Total estimated number of individuals: 181 000+

Site numbers correspond to those in Figure 3.


Rescue Effect

As a Canadian endemic, the Gulf of St. Lawrence variety (var. subcylindrica) of beach pinweed, can have no rescue from populations outside of Canada.

At the species level, rescue effect through the natural dispersal of plants from the United States is unlikely. The nearest occurrence of var. maritima is in south-central Maine, roughly 115 km from the Canadian border near St. Stephen, New Brunswick. Suitable dune habitat is very limited on the Bay of Fundy shore in New Brunswick, and with Fundy waters being much colder than the Gulf of St. Lawrence, a climatic limitation could exist. It is roughly 370 km from south-central Maine to the nearest area of the Gulf of St. Lawrence coast. While northern United States plants of var. maritima might be adapted to Gulf of St. Lawrence conditions and habitat is likely not limiting, such a dispersal event would probably be extremely infrequent.

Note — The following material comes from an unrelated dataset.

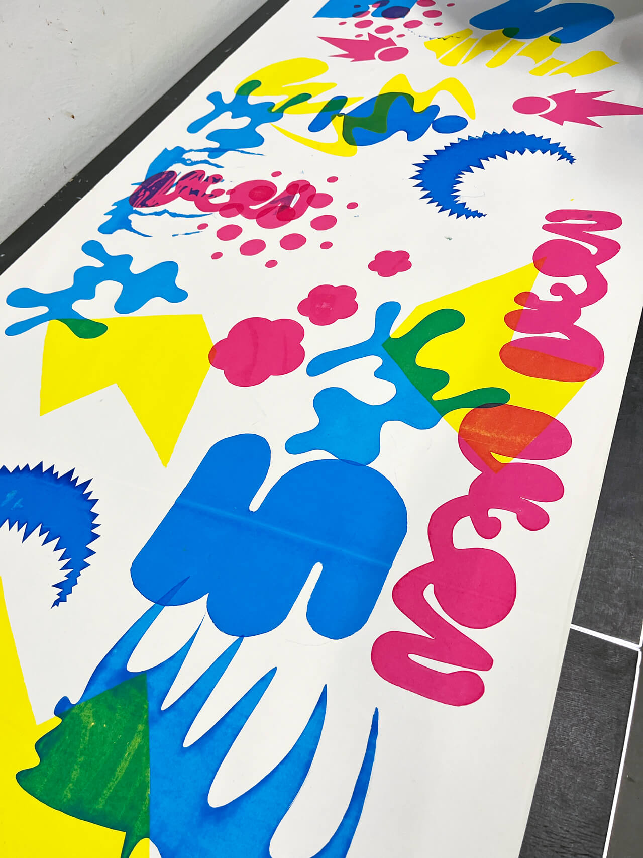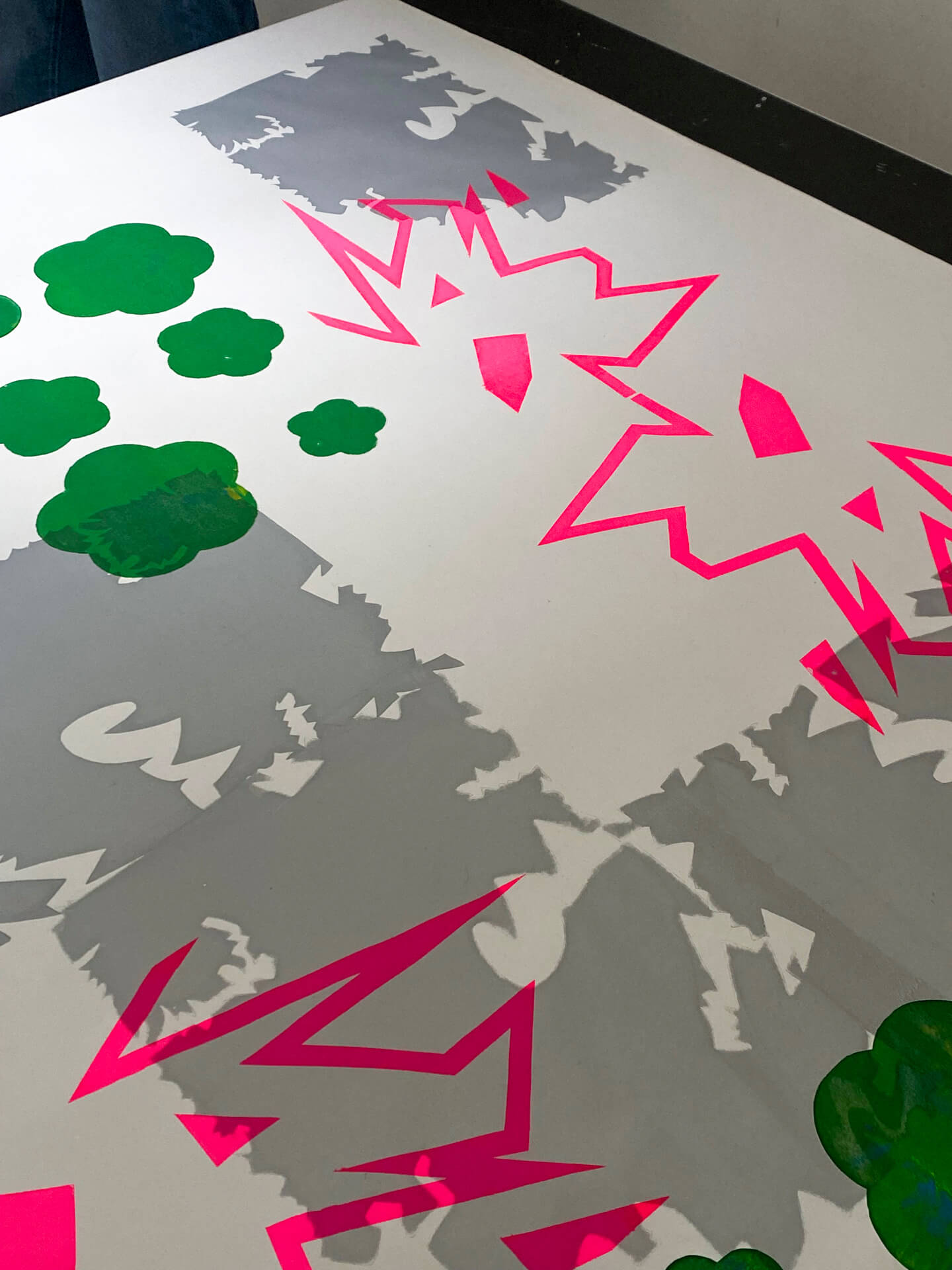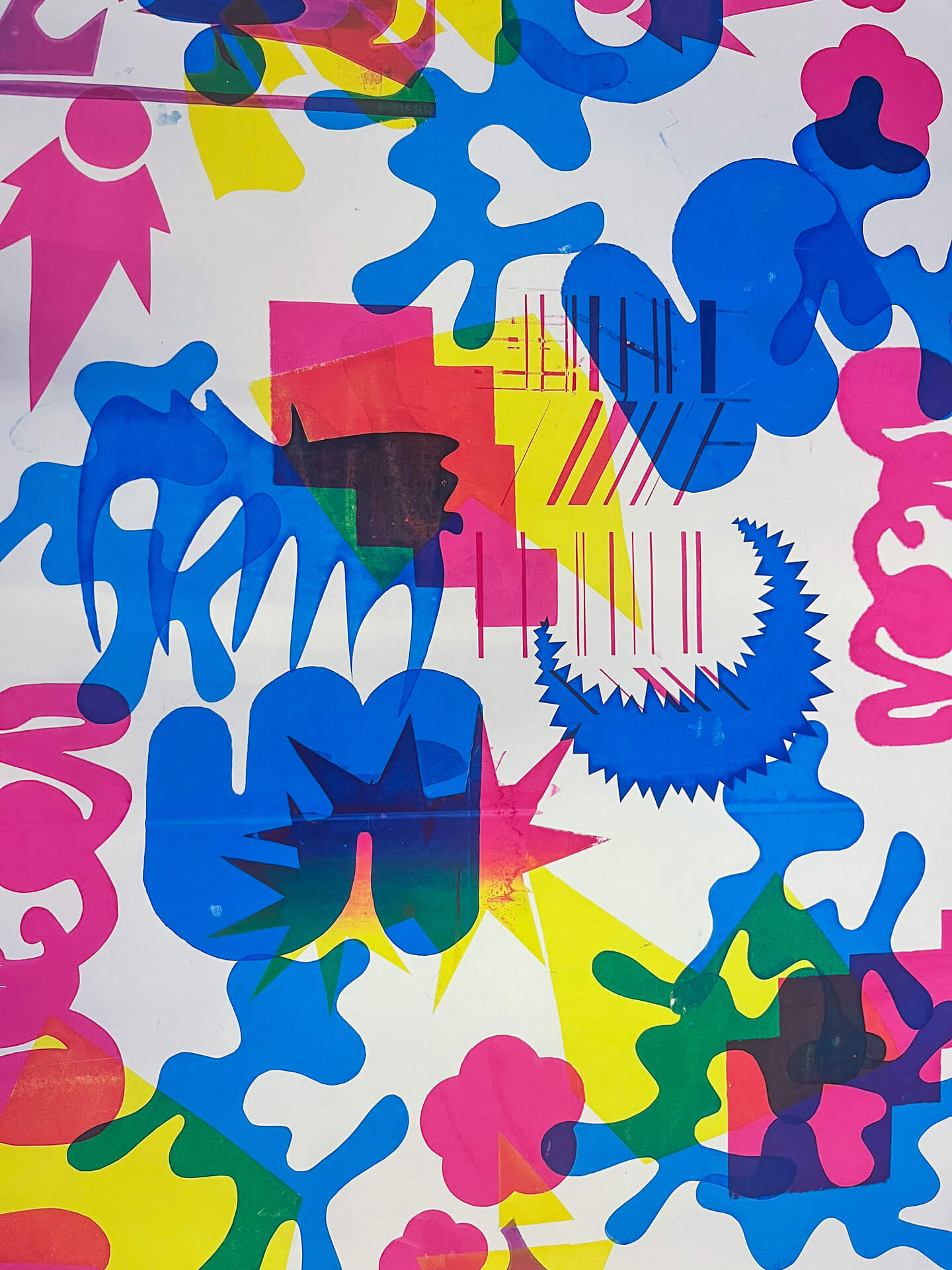 Ausgehend von gestalterischen Kompositionen erforschen wir das Zusammenspiel von Format, Farbe und Form. Dabei entstehen individuelle Gestaltungen zu kontrastierenden Begriffspaaren. Anschließend werden in Zusammenarbeit mit der Siebdruckwerkstatt gemeinsame Kompositionen gedruckt, wobei jede Person einer persönlichen, geheimen Gestaltungsregel folgt.

Rescue effects between populations within the five regions of occurrence identified in Table 1 are plausible, with several populations separated only by marginal or unsuitable habitat on the scale of a few kilometres. As noted under Isolation and Fragmentation, there is a very limited chance for rescue effects between the five regions of occurrence.